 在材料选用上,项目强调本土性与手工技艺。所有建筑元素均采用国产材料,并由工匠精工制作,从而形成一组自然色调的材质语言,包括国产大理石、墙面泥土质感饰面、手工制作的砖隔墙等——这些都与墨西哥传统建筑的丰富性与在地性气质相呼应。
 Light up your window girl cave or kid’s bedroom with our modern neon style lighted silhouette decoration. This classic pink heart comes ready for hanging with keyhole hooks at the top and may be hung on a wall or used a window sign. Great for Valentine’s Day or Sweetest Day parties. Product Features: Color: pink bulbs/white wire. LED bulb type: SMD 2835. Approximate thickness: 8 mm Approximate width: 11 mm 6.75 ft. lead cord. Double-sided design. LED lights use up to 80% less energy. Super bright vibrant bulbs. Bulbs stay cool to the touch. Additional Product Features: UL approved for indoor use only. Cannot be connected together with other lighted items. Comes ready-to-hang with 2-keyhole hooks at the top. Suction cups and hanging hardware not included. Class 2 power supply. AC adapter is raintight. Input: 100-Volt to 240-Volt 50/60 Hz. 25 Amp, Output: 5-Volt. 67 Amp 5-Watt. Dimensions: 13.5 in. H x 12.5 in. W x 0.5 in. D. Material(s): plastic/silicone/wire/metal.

--

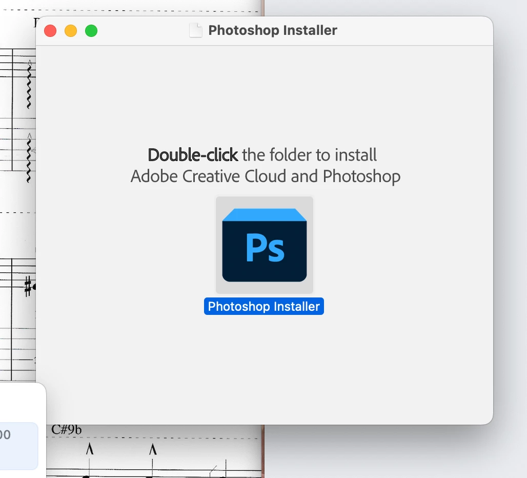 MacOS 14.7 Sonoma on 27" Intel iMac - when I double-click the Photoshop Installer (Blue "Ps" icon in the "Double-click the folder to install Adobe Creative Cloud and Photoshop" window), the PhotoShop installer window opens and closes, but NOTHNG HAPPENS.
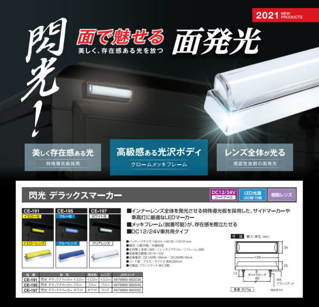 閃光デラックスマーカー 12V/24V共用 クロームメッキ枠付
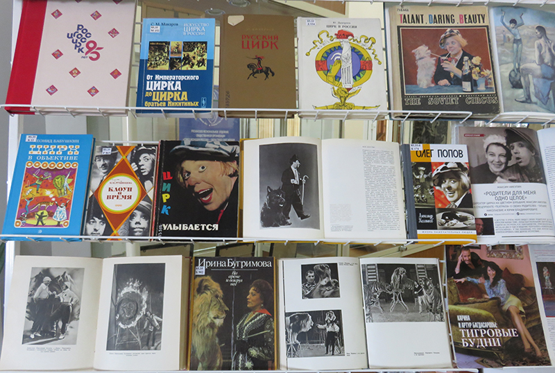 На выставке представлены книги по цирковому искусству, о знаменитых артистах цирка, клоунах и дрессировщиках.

## Work required
Reproduce the data above exactly, but only from the line containing "MacOS 14.7 Sonoma" through the line containing "На выставке представлены"; skip the pictures.

## Task output
 MacOS 14.7 Sonoma on 27" Intel iMac - when I double-click the Photoshop Installer (Blue "Ps" icon in the "Double-click the folder to install Adobe Creative Cloud and Photoshop" window), the PhotoShop installer window opens and closes, but NOTHNG HAPPENS.
 閃光デラックスマーカー 12V/24V共用 クロームメッキ枠付
 На выставке представлены книги по цирковому искусству, о знаменитых артистах цирка, клоунах и дрессировщиках.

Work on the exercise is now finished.